My dataset in csv format (available here) is as follows:
I tried to import the data into R with the following document:
library(tidyverse)
data <- read_csv("<Path to file>\\Sample.csv")
When I tried to extract column with data$
, I get the error:
Error in gsub(reStrip, "", completions, perl = TRUE) :
input string 4 is invalid UTF-8
Column D of my data contains both numbers and special characters * and the Pilcrow symbol. The number in the last last row for this column is 66.1 but is followed by #. Similarly, column I contains * and the Pilcrow symbol.
I want to clean the data so that for Column D and I, rows with * and the Pilcrow symbol are replaced with NA. In addition, "66.1 #" is converted to "66.1".

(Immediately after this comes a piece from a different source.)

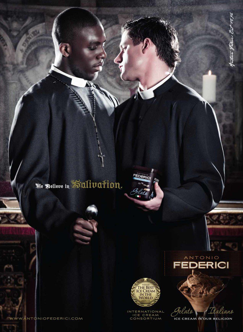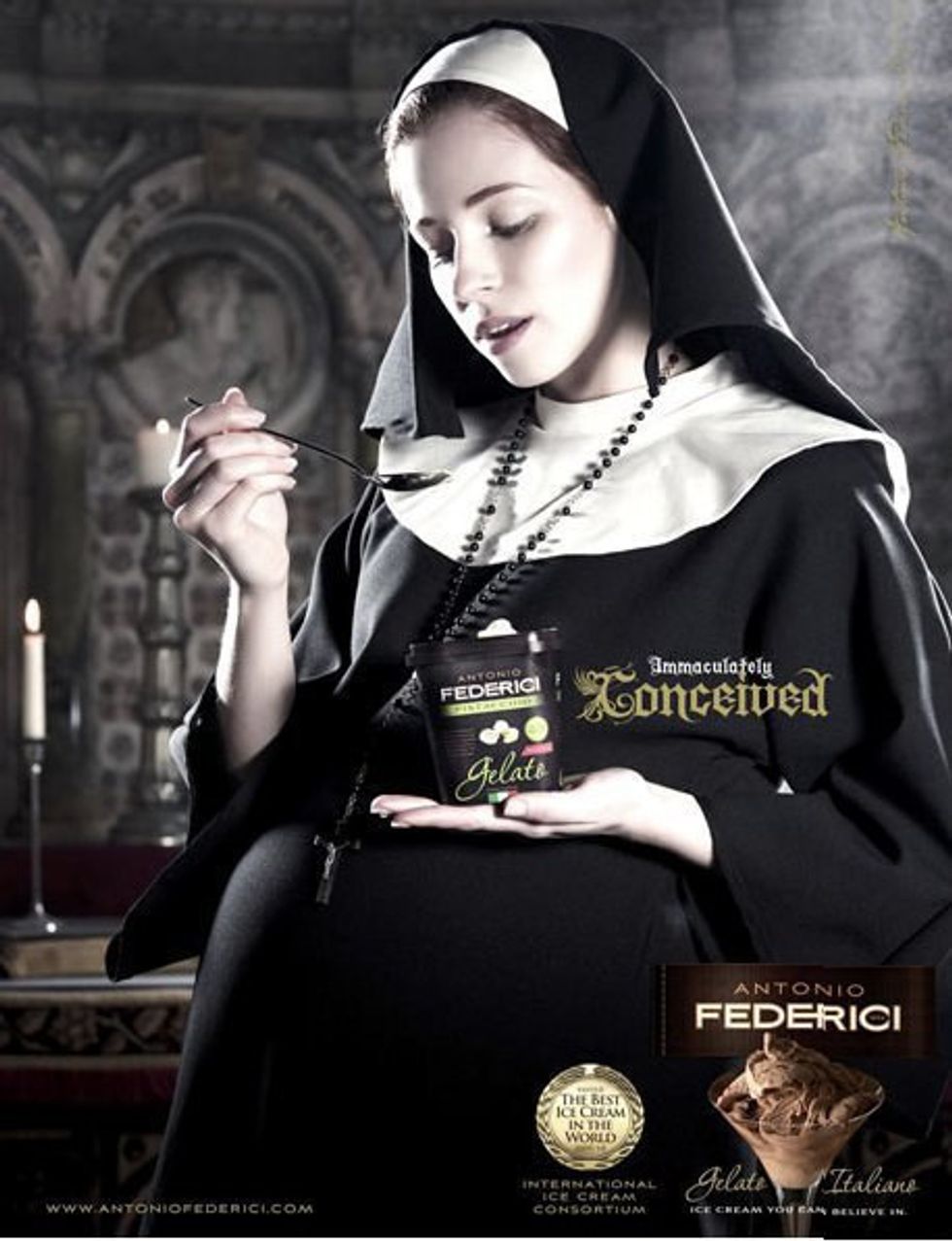 I mean, the best we can say is that props to this ad for being so thoroughly inclusive. They clearly realized they were offending a huge percentage of their customers and the entire Catholic church and decided to cover the rest of their bases by showing they are accepting of all sexual orientations and races. I can also offer 10/10 for creativity, because it's a rare person that connects illicit sacrilegious sex to eating ice cream, and then actually follows through with that thought, as if it might actually be a good idea. I once had a dream that a gay llama tried to sell me hair extensions, but I didn't go and try to make a commercial out of it. Frankly, I wouldn't touch this ice cream after this ad for fear of being struck with lightening from the heavens the moment I whip out a spoon, and no ice cream is worth being smote for.

I would like to know how I could import the csv file into R and clean it to the desired format in R. Preferable with tidyverse.
Here's a simple solution.
Read-in the file as a .txt file:
Edit 1:
As the data contains the hashtag # in some cells, you need to include the argument comment.char=""
so that R will display the data following it (it will however still treat it as the onset of a comment):
df <- read.table("[Your path]/Sample.txt",
header = T, fill = T, quote="", sep="\t", comment.char="")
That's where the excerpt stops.